* TASK *
From the line containing "Locator map of" down to the last line of the listing, quote everything word for word, and nothing else, keeping pictures out.

* INFORMATION PROVIDED *
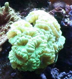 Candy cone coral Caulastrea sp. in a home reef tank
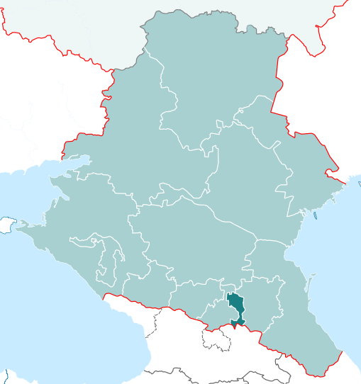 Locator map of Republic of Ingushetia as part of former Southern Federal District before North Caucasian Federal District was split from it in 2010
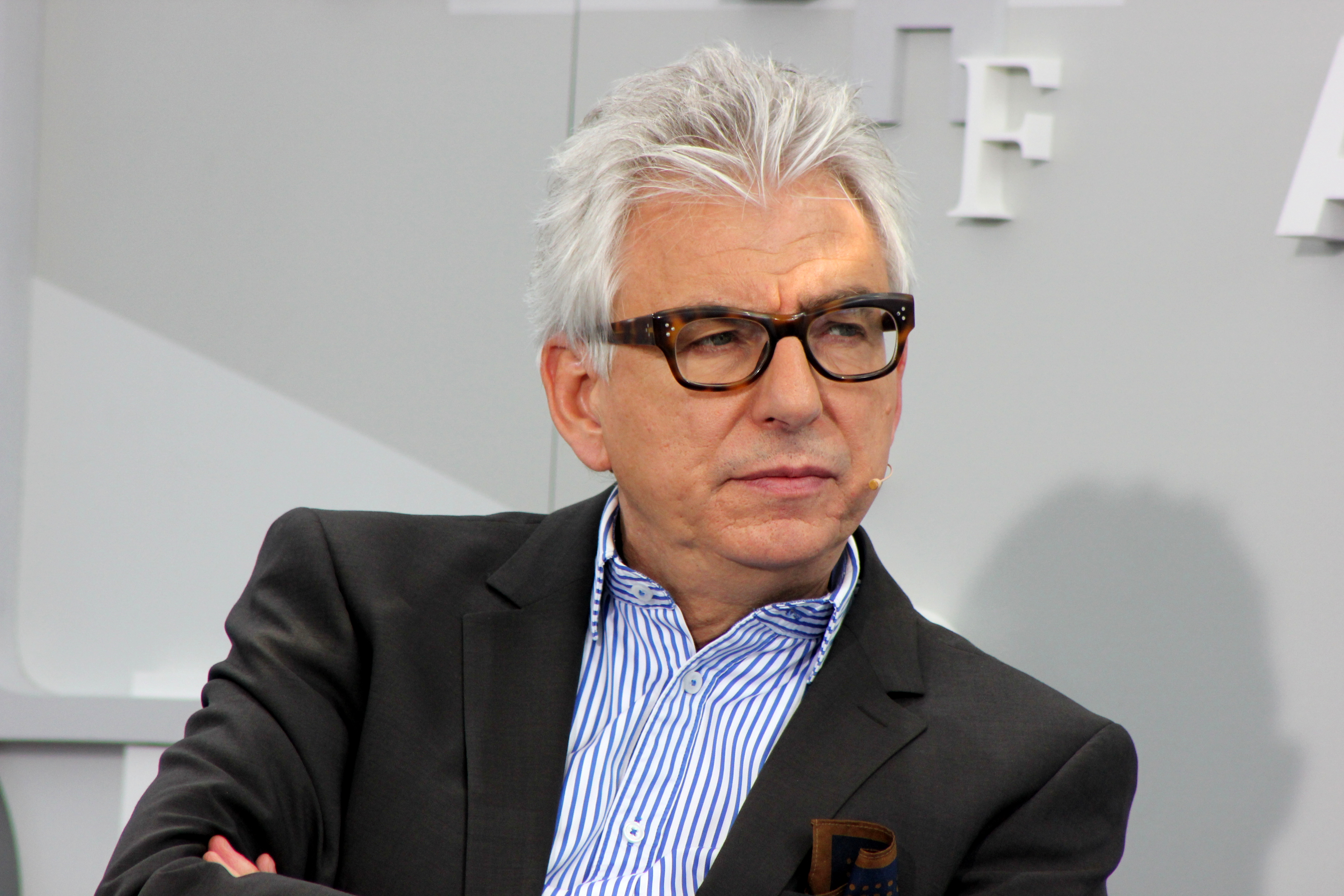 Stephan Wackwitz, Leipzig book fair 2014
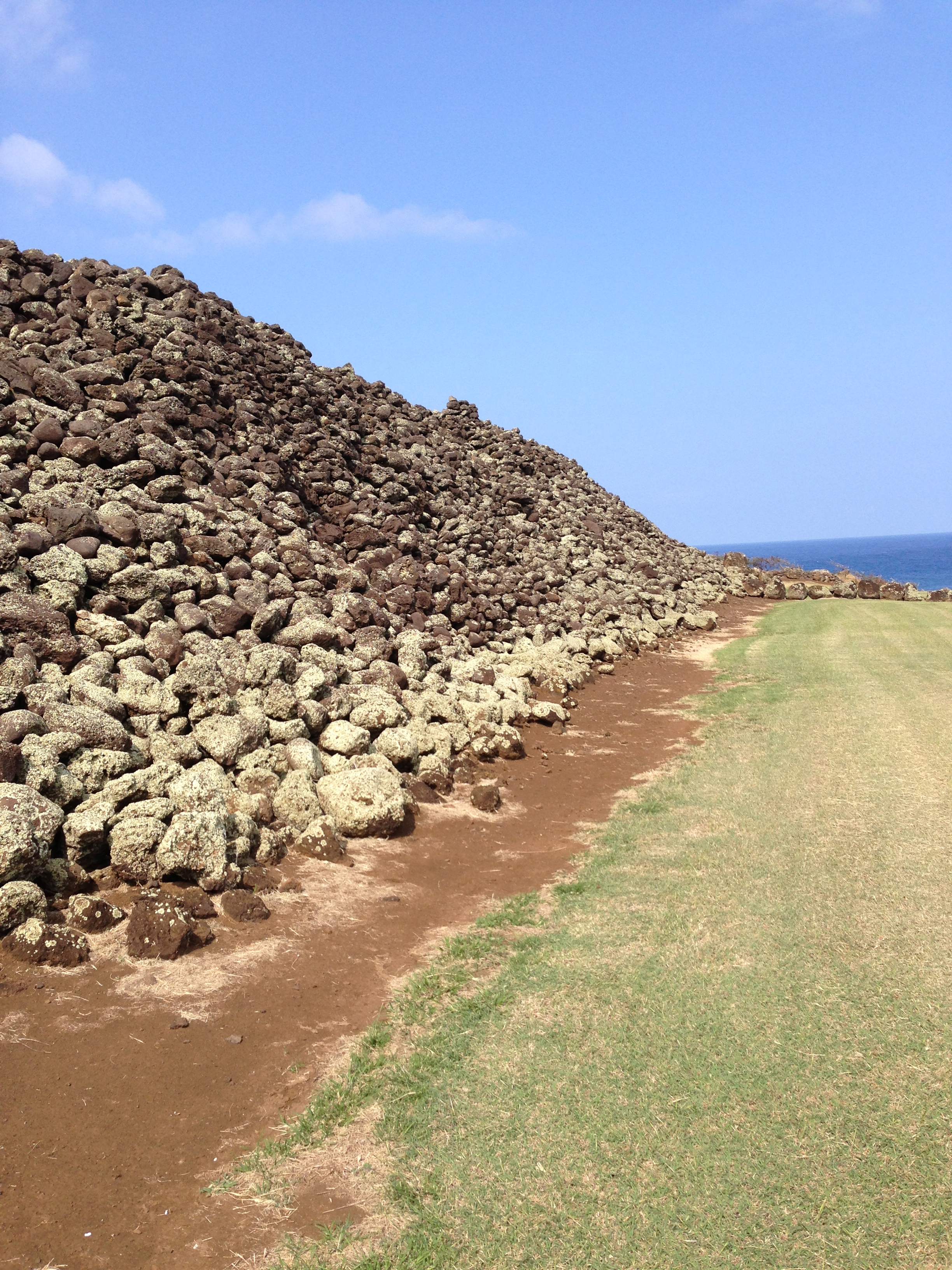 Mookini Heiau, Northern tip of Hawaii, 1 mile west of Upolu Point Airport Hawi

* EXERCISE RESULT *
 Locator map of Republic of Ingushetia as part of former Southern Federal District before North Caucasian Federal District was split from it in 2010
 Stephan Wackwitz, Leipzig book fair 2014
 Mookini Heiau, Northern tip of Hawaii, 1 mile west of Upolu Point Airport Hawi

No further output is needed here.